If you have data, appendices, or any other supplementary material (tests, protocols etc) that you would like to see published alongside your paper, you can upload these files to Janeway and inform the handling editor. During the typesetting process, the editors can assign these materials their own DOI so that they are accessible to readers. Note that these materials will not be copy-edited or typeset: their appearance and format is entirely the author's responsibility.

Preprint Policy

The journal allows authors to deposit draft versions of their paper into a suitable preprint server, on condition that the author agrees to the below:

  • The author retains copyright to the preprint and developed works from it, and is permitted to submit it to the journal.
  • The author declares that a preprint is available within the cover letter presented during submission. This must include a link to the location of the preprint.
  • The author acknowledges that having a preprint publicly available means that the journal cannot guarantee the anonymity of the author during the review process, even if they anonymise the submitted files.
  • Should the submission be published, the authors are expected to update the information associated with the preprint version to show that a final version has been published in the journal, including the DOI linking directly to the publication.

ORCID

The journal strongly recommends that all authors submitting a paper register an account with Open Researcher and Contributor Identifier (ORCID). Registration provides a unique and persistent digital identifier for the account that enables accurate attribution and improves the discoverability of published papers, ensuring that the correct author receives the correct credit for their work. As the ORCID remains the same throughout the lifetime of the account, changes of name, affiliation, or research area do not effect the discoverability of an author's past work and aid correspondence with colleagues.

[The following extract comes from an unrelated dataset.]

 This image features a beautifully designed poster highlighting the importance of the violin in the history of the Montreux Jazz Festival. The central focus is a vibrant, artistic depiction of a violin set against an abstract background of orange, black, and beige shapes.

The journal encourages all corresponding authors to include an ORCID within their submitting author data whilst co-authors are recommended to include one. ORCID numbers should be added to the author data upon submission and will be published alongside the submitted paper, should it be accepted.

Authorship

All listed authors must qualify as such, as defined in our authorship guidelines, which have been developed from the ICMJE definitions. All authors must have given permission to be listed on the submitted paper.

Funding and Ethics

Authors are required to specify funding sources and detail requirements for ethical research in the submitted manuscript (see Author Guidelines). All authors must confirm that they fit the definition of an author (see Authorship Guidelines), during submission.

Expected behaviour

The journal does not tolerate abusive behaviour or correspondence towards its staff, academic editors, authors, or reviewers. Any person engaged with the journal who resorts to abusive behaviour or correspondence will have their contribution immediately withdrawn and future engagement with the journal will be at the discretion of the editor and/or publisher.